Two shipped housekeeping rules are deliberately not applied, because they exist for TradingView's object budget rather than for the statistics: the 500-bar zone age-out and the 400-zone display pool. Adversarial review flagged the first, so the script now prints the age-pruned reading too — 46 late-resolving zones drop, the base rate stays 58.0%, the composite stays null (+1.8 pts, p=0.27 raw; −1.4, p=0.64 thinned), and displacement stays real (+13.7, p < 0.0005). No conclusion moves.
The killzone factor applies the Pine's default session strings in New York wall clock — a deliberate mapping choice, stated so it can be argued with. Chart-timezone conventions vary (COMEX itself keeps Central time), any choice shifts the windows, and the factor measured null regardless.
Zones share price paths even after thinning; our 12-bar rule reduces dependence but does not eliminate it. We also ran multiple tests.
The sensitivity grid exists to expose fragility, not to shop for significance. That is why we reported the one flashy p-value and dismissed it as an artifact.
Expired zones (tested, undecided after 50 bars) are excluded exactly as the shipped code excludes them from training: 2 zones here, immaterial.
What we're changing
Three changes follow. Otherwise, this would just be content marketing:
- The toolkit's docs will link this study from the scoring section, so buyers see the default-weight caveat next to the feature it caveats.

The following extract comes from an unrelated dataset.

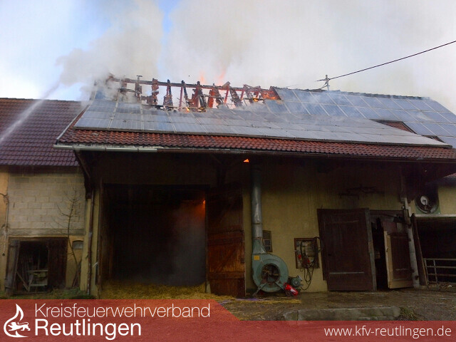 Um 10:13 Uhr gingen über den europaweiten Notruf 112 mehrere Notrufe bei der Integrierten Leitstelle für Feuerwehr und Rettungsdienst über einen Brand in einem landwirtschaftlichen Anwesen in Zwiefalten-Hochberg ein.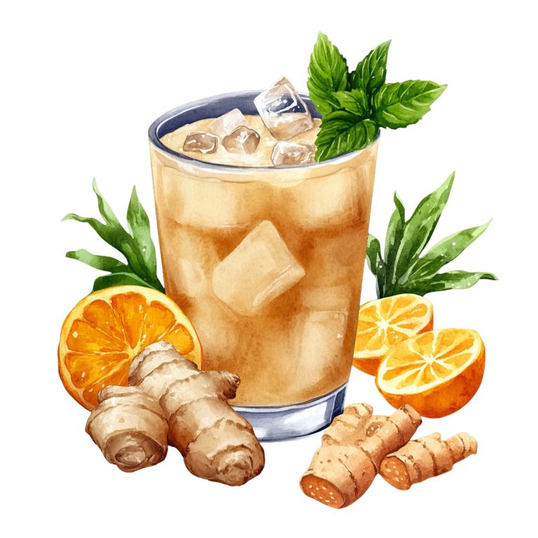 Glass of Iced Ginger Tea with Fresh Mint Leaves

- We're opening a tune ticket: evaluate shipping regime defaults that weight displacement and volume harder, with this rig as the benchmark.
- The adaptive mode graduates from "experimental option" to "recommended after warm-up" in the how-to, with the honest note that it learns your market's weights; those may not be gold's.
If a future window or another market overturns any number above, the committed script will say so before we do.
The shuffle test
Take any indicator score. Rank what it grades, split the top third from the bottom third, then shuffle the grades a couple of thousand times and see whether reality beats the shuffle. The test takes twenty lines of code and has no respect for marketing.
Our composite lost this round. Two of its ingredients beat it cold. Both facts are now public beside the code that produced them.
An honest score isn't one that always passes. It's one that was actually tested — and prints the result either way.